Good security remains key

Finally, security and risk experts underscore that having cyberinsurance does not mean that companies and government agencies can neglect their information security program. Cyberinsurance needs to be part of a comprehensive information security program, not a way to absolve the IT department of responsibility.

As part of the insurance process, insurers will hammer the lesson home.

“Sometimes, organizations think that insurance can take the place of what you are doing, but that is not the case at all,” said Montana’s Pizzini. “You have to have a lot of things in place just to get the insurance. Just like to have insurance on your vehicle, you have to have a good driving record. You need to have good security processes in place to get cyberinsurance.”

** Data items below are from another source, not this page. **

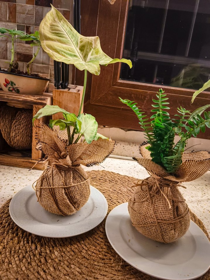 Bu doğal kahverengi hasır saksılar, rustik jüt kumaşla sarılmış yeşil bitkiler içerir, mekana doğal bir hava katar.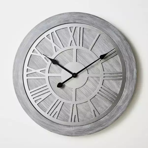 Bring a stunning centerpiece to your living space with this wooden clock. Featuring roman numeral figures and designed with a thick distressed grey border edge with classically styled hands, this circular shaped clock provides you with a practical timepiece and a graceful ornamental touch to your walls. The Grey Wooden Clock is elegant, chic and perfect for complementing your existing home décor.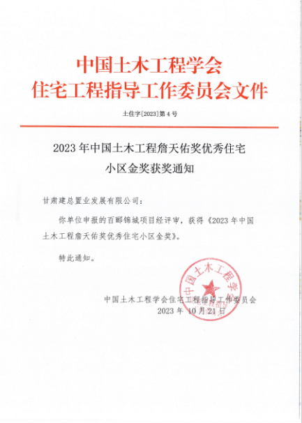 “詹天佑獎優(yōu)秀住宅小區(qū)金獎”是百酈錦城項目繼2022年榮獲地產(chǎn)行業(yè)最高榮譽“廣廈獎”之后又一國家級重要獎項,是甘肅建投首個同時獲得“廣廈獎”和“詹天佑獎優(yōu)秀住宅小區(qū)金獎”的項目,充分體現(xiàn)了業(yè)界對甘肅建投地產(chǎn)質(zhì)量、品質(zhì)及科技創(chuàng)新的肯定。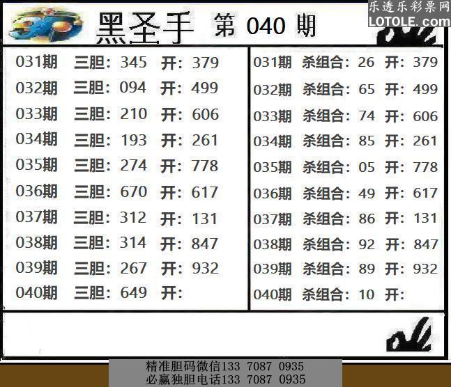 40期九台胆码

In the end, cyberinsurance is about offsetting risk, but also about preparing for a breach. For government agencies, the ability to tap into a knowledgeable partner in a time of crisis is invaluable, said Pizzini.

“I do not have the resources to go out and get contracts in place with a forensics service, a call center and credit reporting, and maintain all those contracts,” she said. “They have all those contracts in place for you to utilize. I would say that is the greatest advantage.”